# 1. Variables and Gradients

## 1.1 Variables

- A variable wraps a Tensor
- Allows accumulation of gradients

In [1]:
import torch
from torch.autograd import Variable

In [2]:
a = Variable(torch.ones((3, 2)), requires_grad=True)
a

tensor([[1., 1.],
        [1., 1.],
        [1., 1.]], requires_grad=True)

In [3]:
type(a)

torch.Tensor

In [4]:
b = Variable(torch.ones((3, 2)), requires_grad=True)
b

tensor([[1., 1.],
        [1., 1.],
        [1., 1.]], requires_grad=True)

In [6]:
print(a+b)
print(torch.add(a, b))

tensor([[2., 2.],
        [2., 2.],
        [2., 2.]], grad_fn=<AddBackward0>)
tensor([[2., 2.],
        [2., 2.],
        [2., 2.]], grad_fn=<AddBackward0>)


In [7]:
print(a*b)
print(torch.mul(a, b))

tensor([[1., 1.],
        [1., 1.],
        [1., 1.]], grad_fn=<MulBackward0>)
tensor([[1., 1.],
        [1., 1.],
        [1., 1.]], grad_fn=<MulBackward0>)


#### Useful links

- https://discuss.pytorch.org/t/what-is-the-difference-between-tensors-and-variables-in-pytorch/4914/4
- https://medium.com/@layog/a-comprehensive-overview-of-pytorch-7f70b061963f
- https://discuss.pytorch.org/t/tensor-and-variable-are-the-same-now/19749

## 1.2 Gradients 

----------------------------------------------------------------
### (Watch the PyTorch Gradient Tutorial if needed)

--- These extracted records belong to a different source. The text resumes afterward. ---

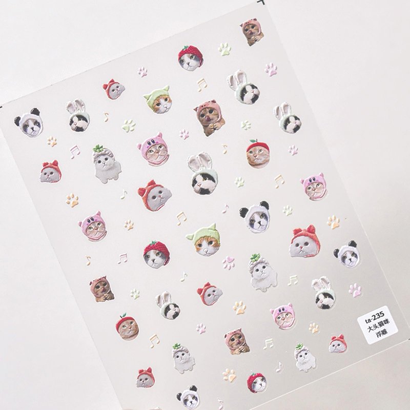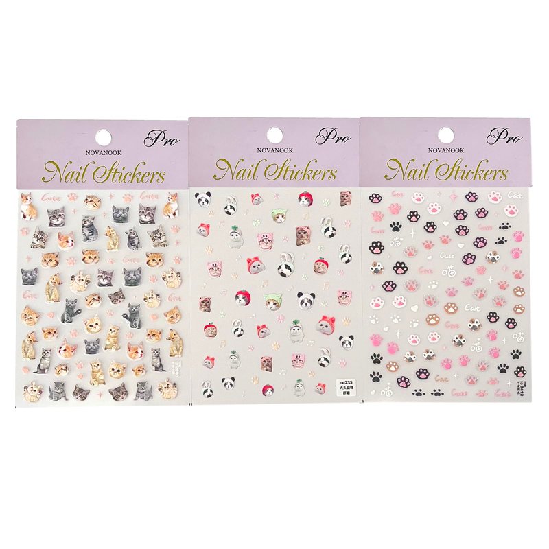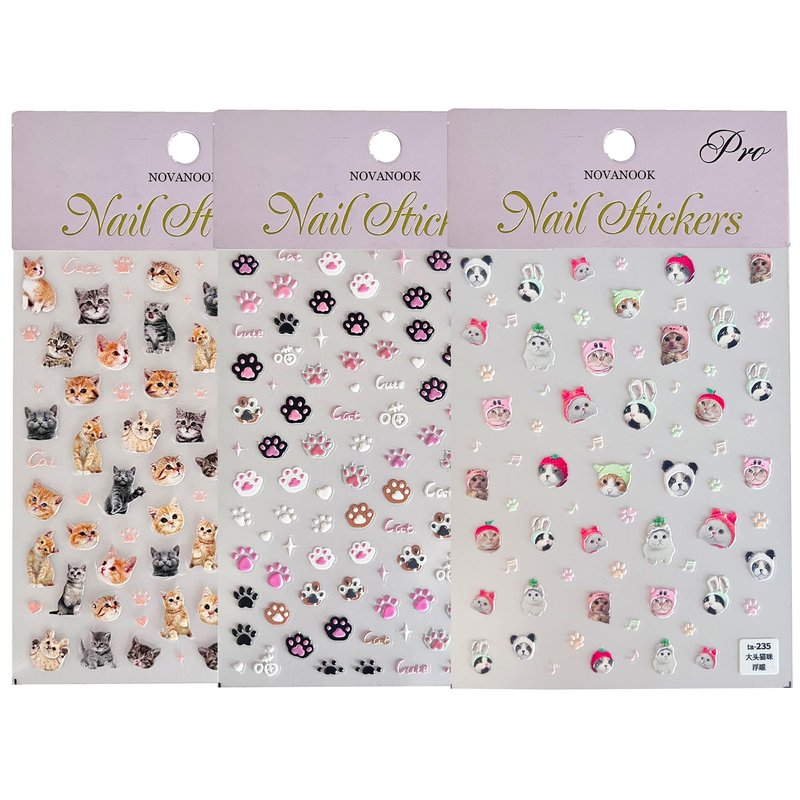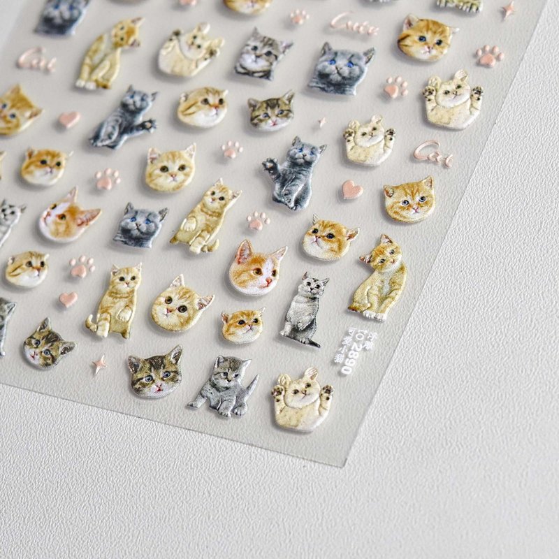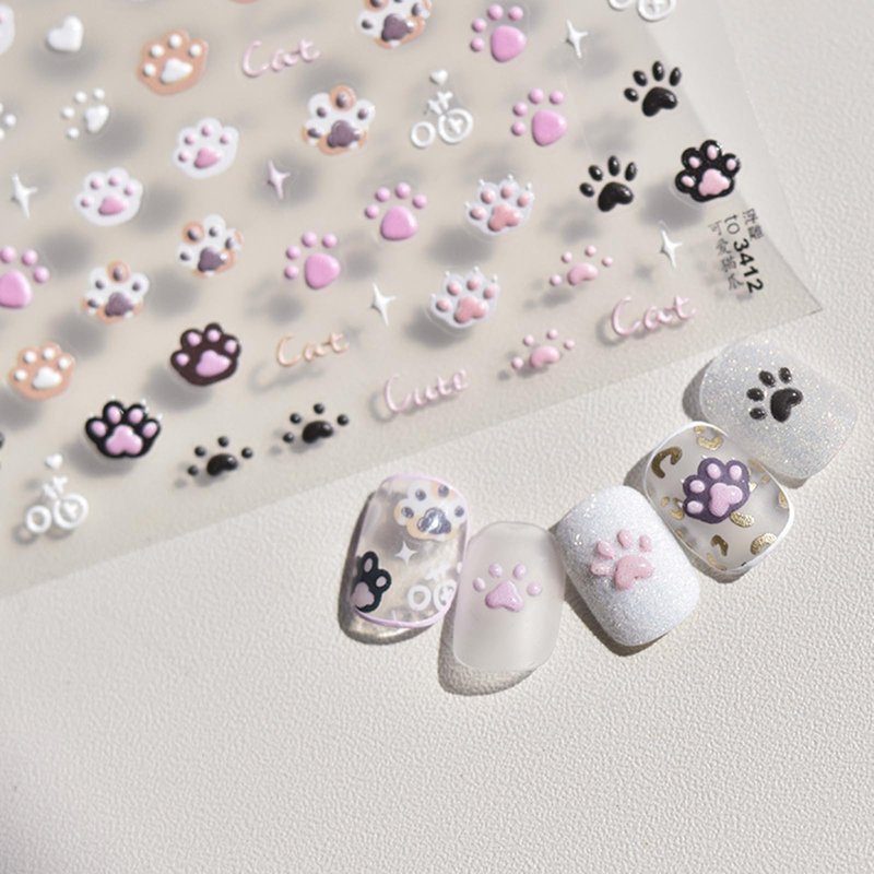3 Sheets Cat Nail Stickers, Cute Nail Stickers, Cat Nail Decals, Cute Nail Art Stickers, Embossed Cat Claw Nail Stickers, Embossed, Cute Nail Supplies, Nail Art Stickers, DIY Nails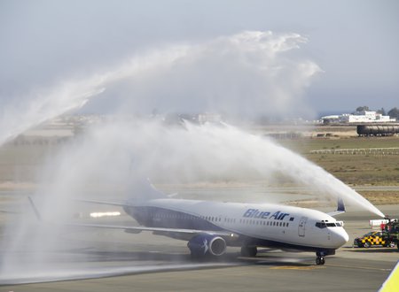 Υποδοχή με υφάτινη αψίδα, στο αεροδρόμιο Γλαύκος Κληρίδης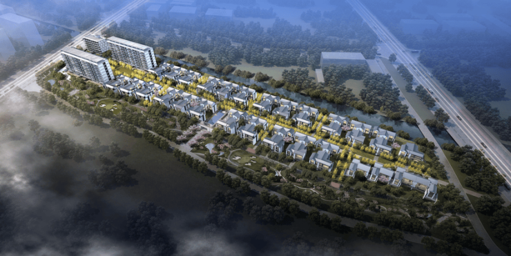 内部借鉴江南四大园林韵色,打造园内盛景。江南名园的巧思演变成东方礼序的入户门庭、下沉式庭园、归家途中更移步易景,每家每户均有“坊、巷、院”相伴,重现江南院墅天地归心的意境之美。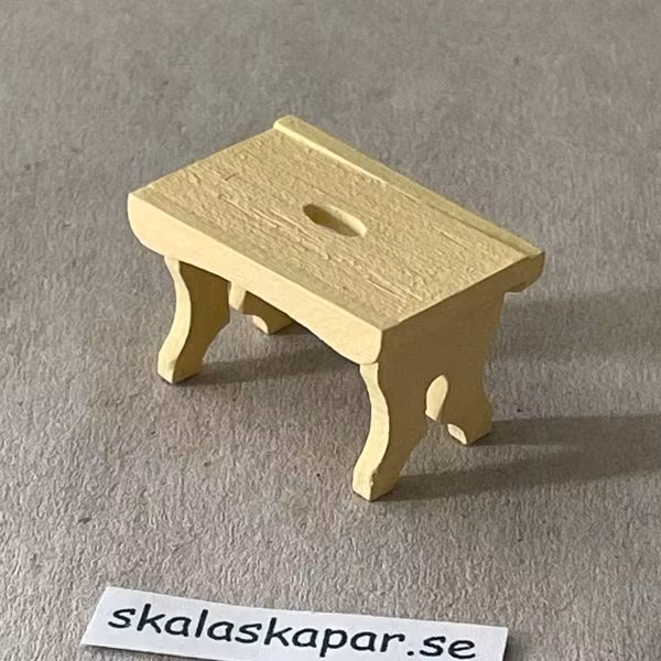 En liten gulmålad pall i trä, lind. Den är ca 30 x 18 mm, Höjd ca 18 mm Signerad, originalpallen i skala 1:1 finns hemma hos Lokrantz, Malmköping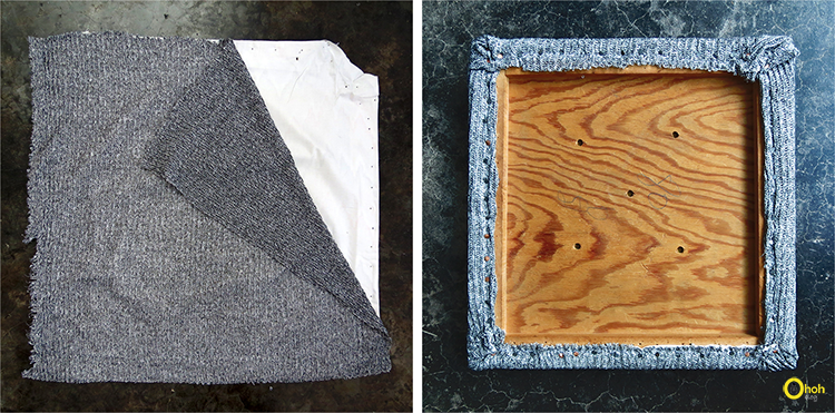 Après quelques années, il était temps de la rafraîchir avec un nouveau tissu. J’ai choisi un tricot gris, un tissu très élastique. Ce n’est donc pas une matière facile à travailler sur les meubles.

**What exactly is requires_grad?**
- Allows calculation of gradients w.r.t the variable


**Gradient basic:**
- A gradient is a vector. 
- Its components consist of the partial derivatives of a function and it points in the direction of the greatest rate of increase of the function.
- For example, if you have the function 𝑓(𝑥1,...𝑥𝑛), its gradient would consist of n partial derivatives and would represent the vector field.

In [34]:
x = Variable(torch.ones((2)), requires_grad=True)
x

tensor([1., 1.], requires_grad=True)

In [35]:
y = 5 * (x + 1) ** 2
y

tensor([20., 20.], grad_fn=<MulBackward0>)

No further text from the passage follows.